Barbie doll

fashionable child doll, dressed up girl

After Barbara Handler, daughter of inventor Ruth Handler (Denver 1916).

The Mattel company was founded in 1945 in Hawthorne, California, by Harold Mattson and Elliot Handler in a garage. They put together the name of the firm from the first letters of Mattson's family name and Handler's first name.

Mattson soon left the company and Elliot and his wife Ruth took over.

The story goes that on her travels through Europe, looking for ideas, Ruth saw in Germany an adult plastic doll modeled after Lilli, a cartoon character from Bild Zeitung.

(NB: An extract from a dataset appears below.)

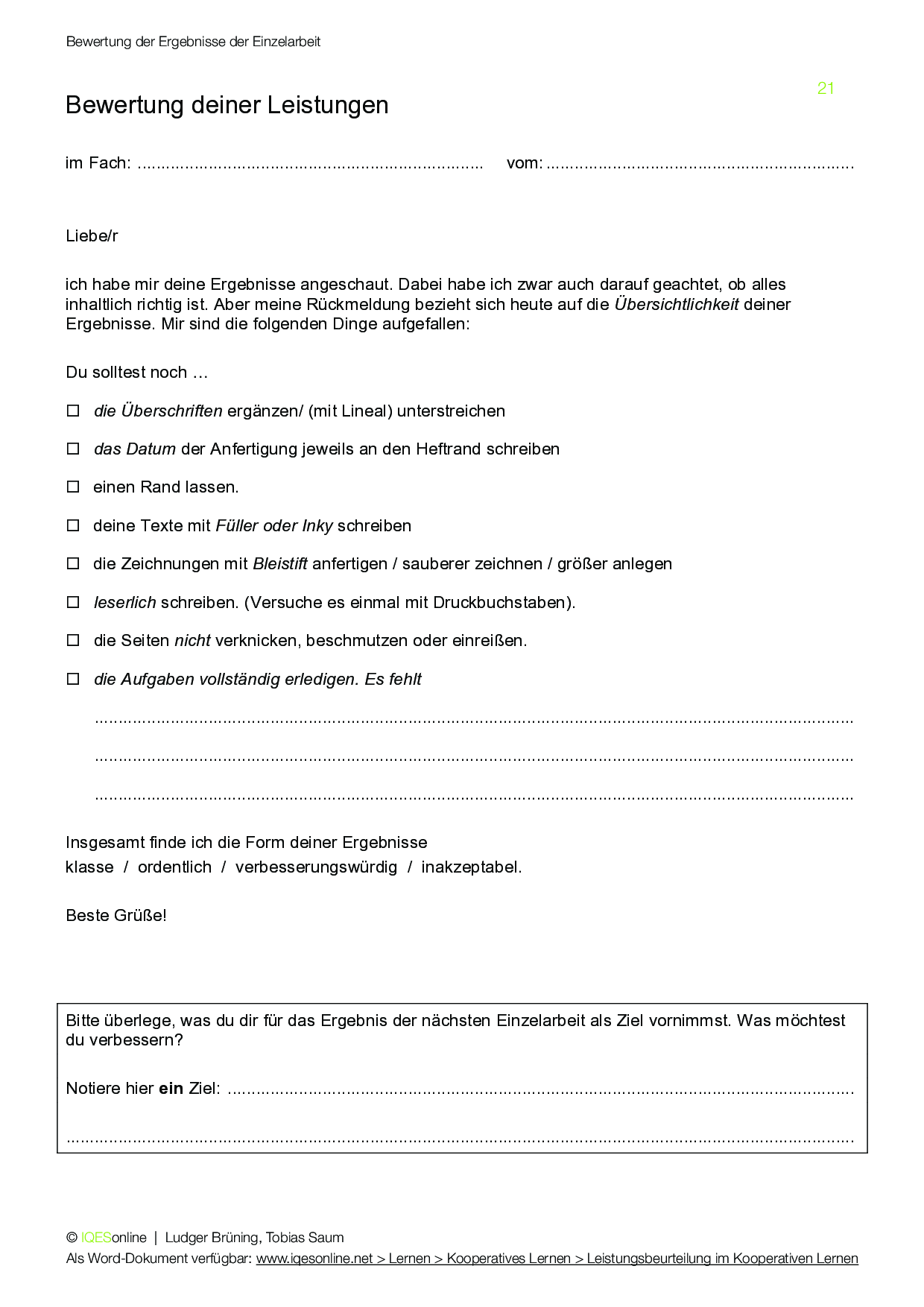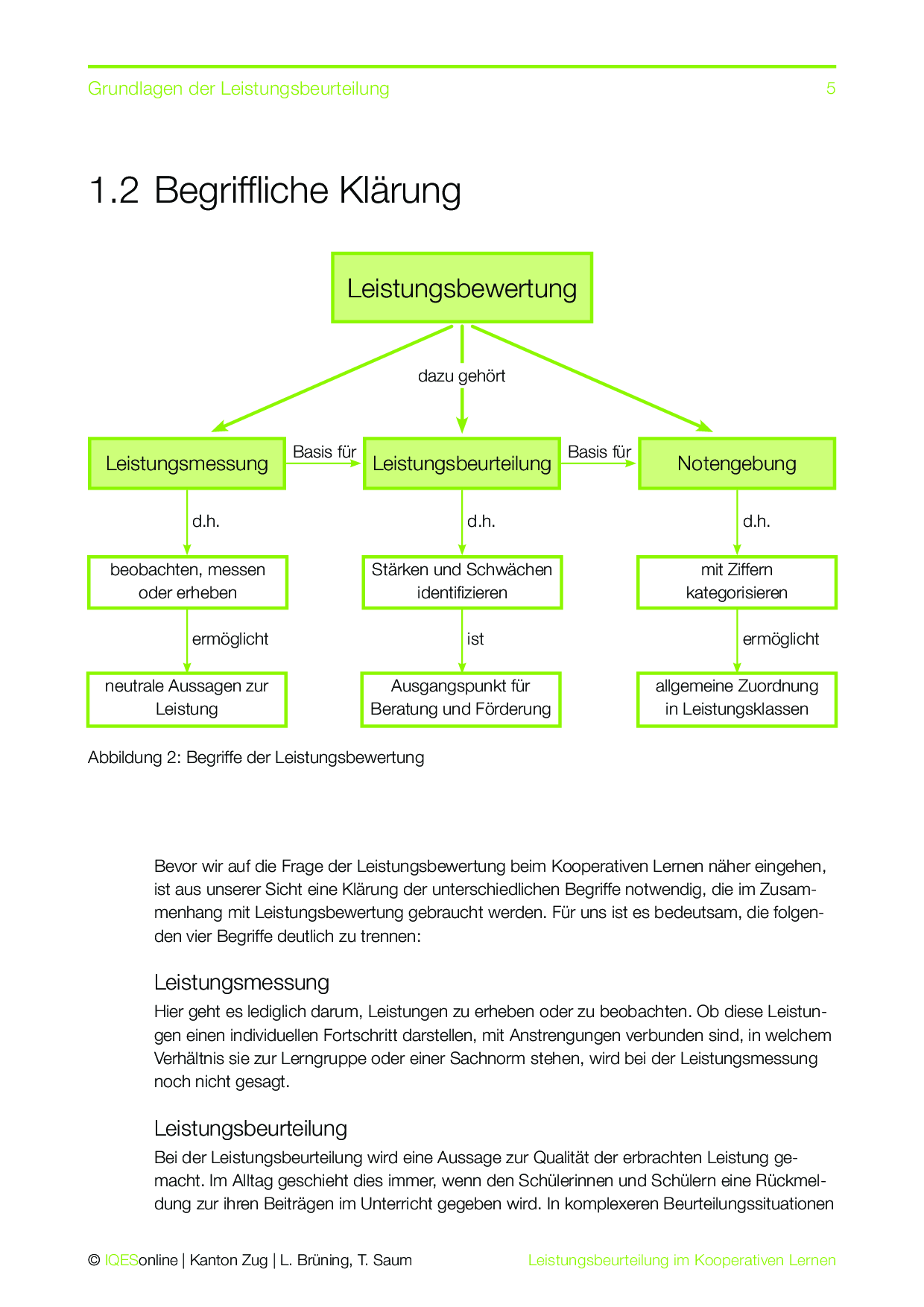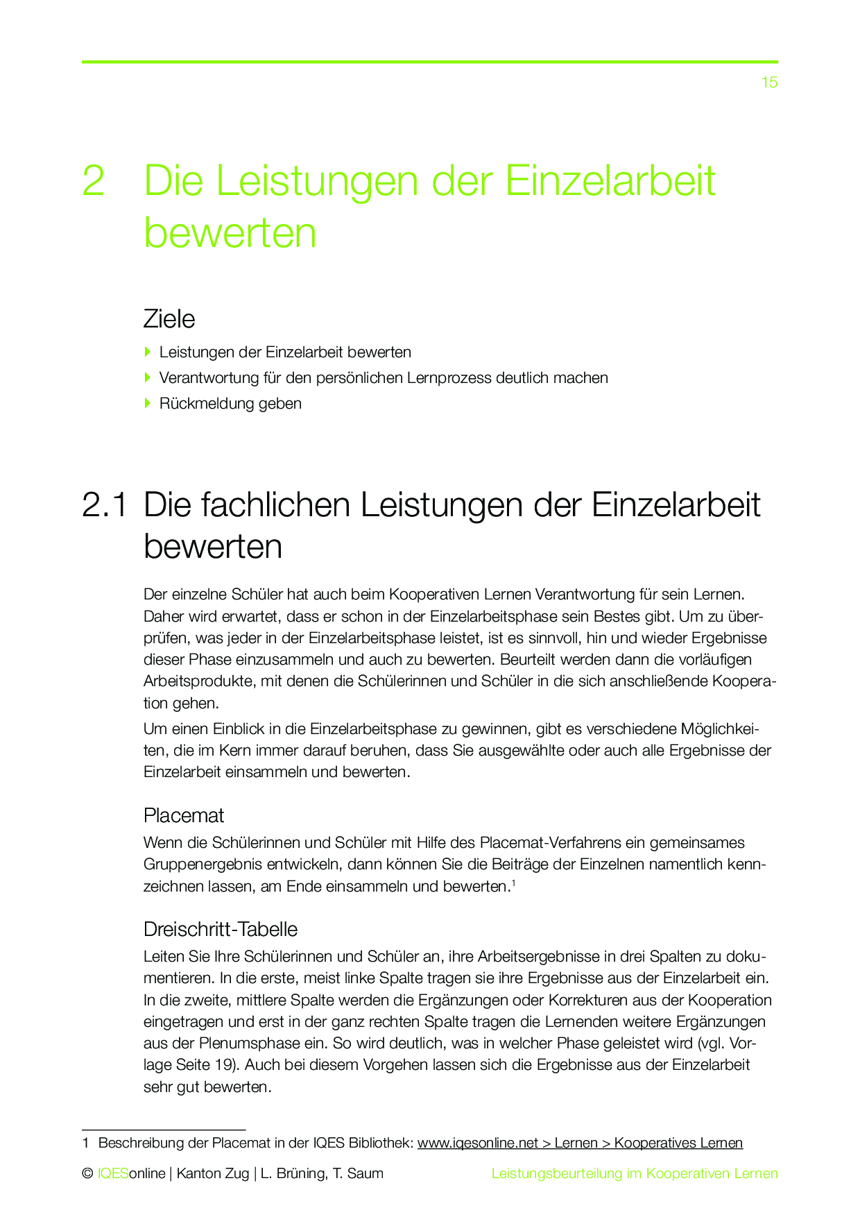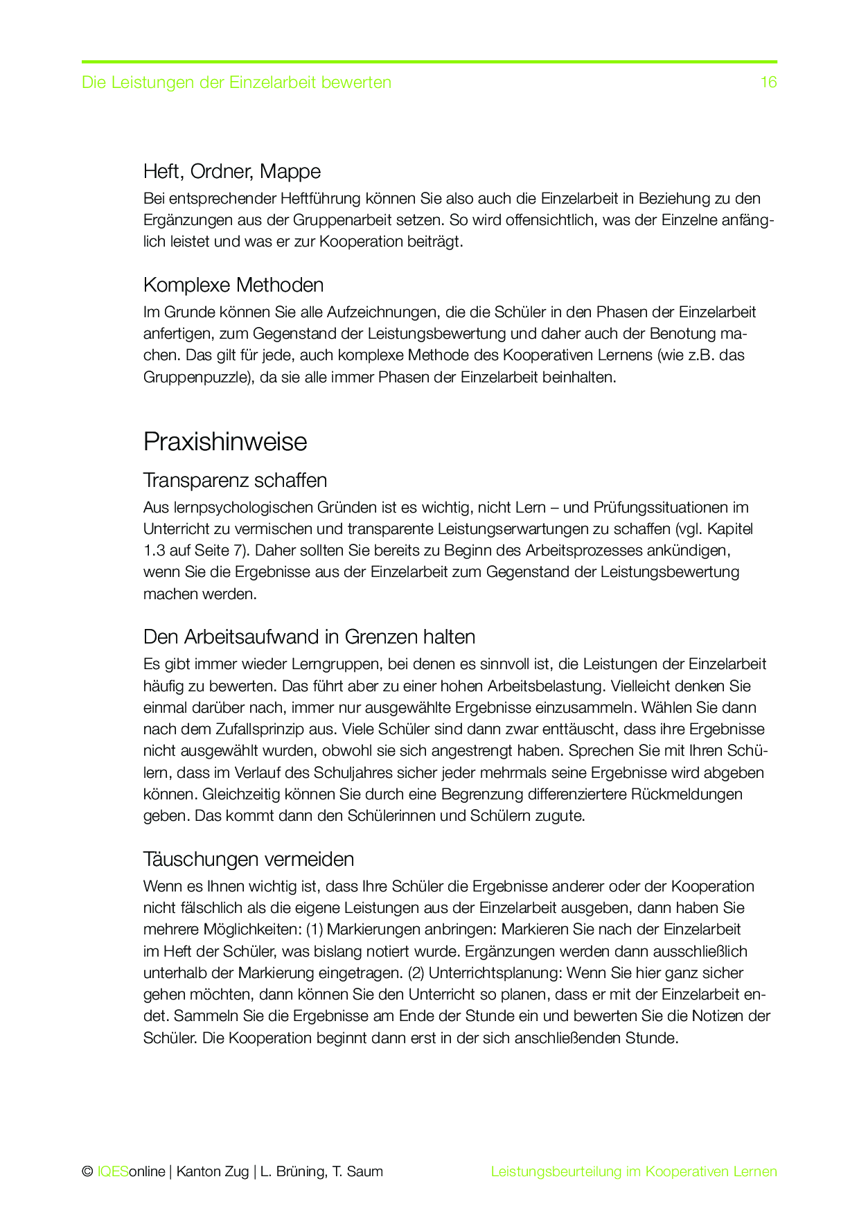 Aus ihrer langjährigen Erfahrung zeigen die beiden Autoren, wie die Leistungen der Schülerinnen und Schüler im Kooperativen Lernen bewertet werden können. Es werden folgende Themen behandelt:

Lilli poses in a bikini on the beach and says to the photographer: 'Why do you get so close, no one will recognize me in the photos anymore.' Or, to her friend: 'You always let only your heart speak. How do you hold the receiver when you're on the phone?' Those kind of things.
When Ruth Handler later saw her daughter Barbara playing with cardboard dressing dolls, she came up with the idea of making three-dimensional dressing dolls.

The Barbie was tested in 1958 and launched at the New York Toy Fair in 1959. 1961 was the birth year of Ken, Barbie's friend, followed in 1964 by Skipper, Barbie's younger sister. Their names are taken from two of the Handlers' other children.

Today, Mattel's design department in Los Angeles employs about 250 designers, sculptors, modelers, technicians and psychologists on new models: Barbie as a dancer, doctor, Olympic champion, pop star, aerobics teacher, veterinarian, astronaut, businesswoman, and so on. At each stage of the design process, the new ideas are presented to groups of children in video presentations at Mattel. They are the great source of inspiration for the designers. For example, in 1987, little girls in California apparently wanted to lead a rock band, collect jewelry, and drive a Ferrari to dance class. 'Barbie has become a social phenomenon as a real star and fashion model. She is the reflection of this time. Sociologists see Barbie as a reflection of the main currents of the Western world: the sophistication of the 1960s-1970s, the free-spirited style of the 1970s-1980s and the mixture of openness and classicism of the 1980s. an accompanying text.

The Barbie doll has become so popular that collectors hold an International Barbie Convention every year. Big money is paid for a rare prototype that has somehow been smuggled out of the factory.

Barbie has gone on a world tour wearing clothes from the world's most renowned fashion designers.